Возникновение новых явлений, как правило, происходит в точках бифуркации, то есть в условиях, когда возможны разные траектории последующего движения, когда выбор пути развития жестко не детерминирован и может определяться внешними или даже случайными факторами. Дальнейшее развитие, напротив, в той или иной степени связано с заданной траекторией (path dependence). Именно поэтому рассмотрение генезиса нового явления неправомерно ограничивать только кругом факторов и влияний, которые исторически и логически связаны с «победившей» траекторией развития.

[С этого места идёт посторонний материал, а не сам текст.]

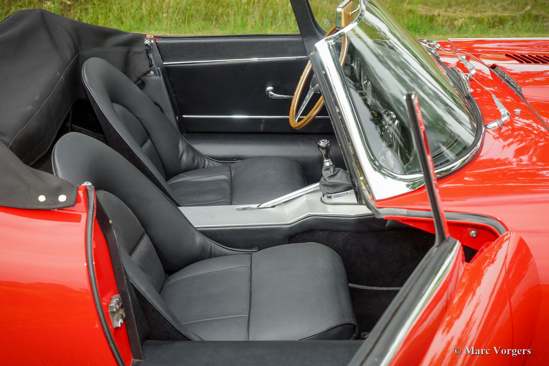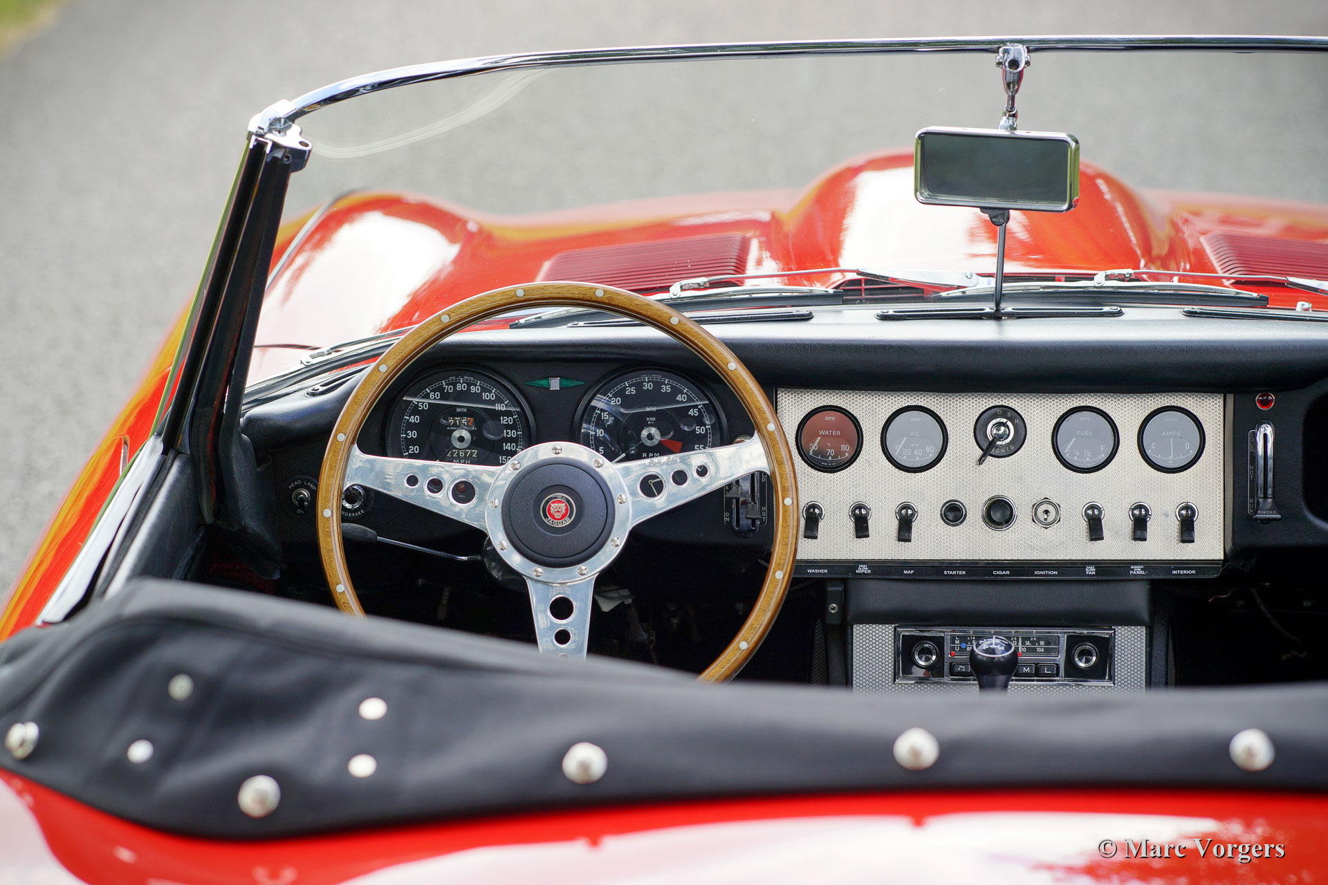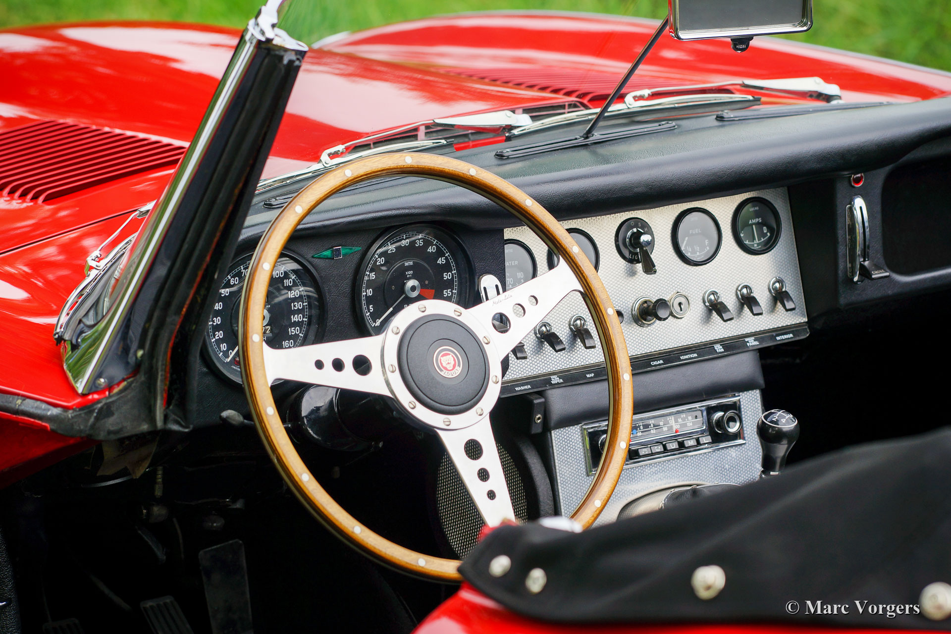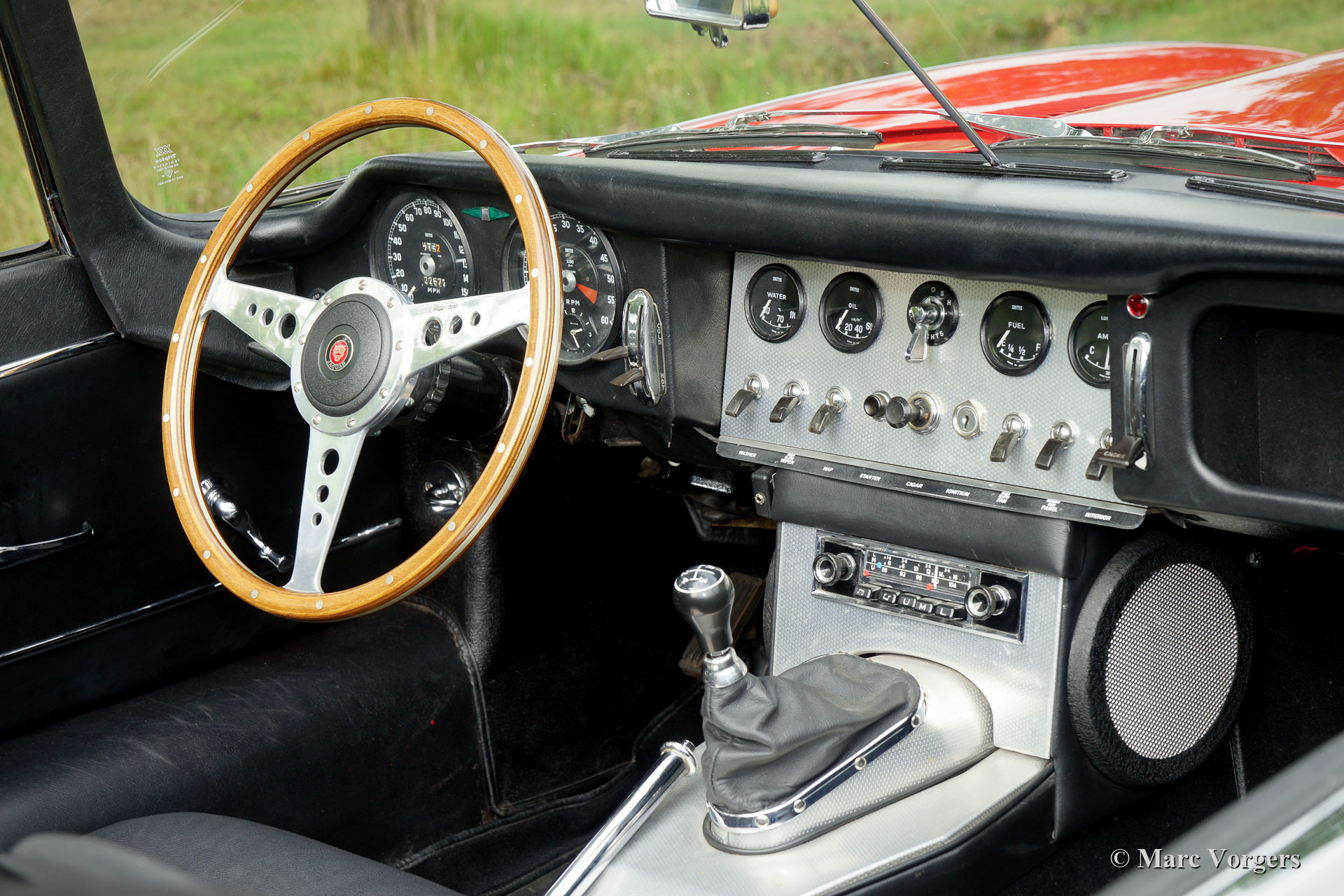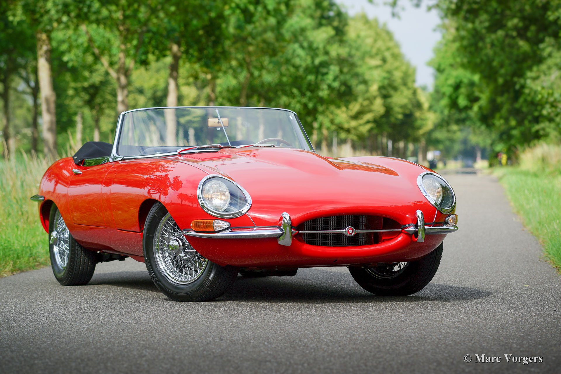 Jaguar E-Type 3.8 litres OTS, année 1962. Numéro de châssis 87845X, numéro de moteur R7356-X, numéro de carrosserie R505X, numéro de boîte de vitesses EB 646X JS. « Matching numbers and colours » ! Couleur rouge Carmen combinée avec un intérieur noir et un tapis noir. Capote mohair noir et couvercle de la hotte noir. Cette fantastique Jaguar E-type vient de la première série très recherchée. La voiture a été vendue neuve à New York, aux États-Unis, le 16 novembre 1962. Les Jaguar de série 1 sont équipées du très sportif moteur de 3,8 litres à six cylindres en ligne, avec trois SU carburateurs, et l'intérieur spécial avec sièges baquets et le tableau de bord revêtu d'aluminium.

Подобно шумпетеровской инновации, новое в науке рождается из наличного материала — предметного знания, которое трансформируется в новую комбинацию, образующую ядро научной программы. Что-то из этого материала отбрасывается, что-то генерируется заново, однако траектория дальнейшего развития формируется уже на основе такой программы. Но если элементы этого знания так или иначе отражают свойства объекта, то способ их комбинирования зависит преимущественно от принятых научных практик. В период становления экономической науки неопределенность первичного выбора траектории была высокой, поскольку речь шла об эпохе научной революции Нового времени, когда современная наука только формировалась, когда в ее рамках сосуществовали разные эпистемологические установки и, соответственно, образы научности.

Предпосылки

Общенаучная среда

В XVII—XVIII вв. общенаучная среда в ведущих странах Западной Европы изменилась радикально. Если в начале XVII в. в ней господствовали каноны средневековой схоластики, лишь слегка поколебленные открытиями Коперника и Галилея, то в конце XVIII в. идеалом науки стала ньютоновская физика с ее императивами математической строгости и экспериментальной достоверности знания. Но это не была унифицированная модель. Наука Нового времени формировалась как спектр научных программ1, объединенных общими целями, но различавшихся в оценке отдельных научных практик и методов. Разногласия отражали объективное противоречие процесса познания: одни острее сознавали, что рациональность математических доказательств не может гарантировать адекватность принимаемых исходных посылок; другие — что данные опыта могут обманывать, выдавая видимость за сущность.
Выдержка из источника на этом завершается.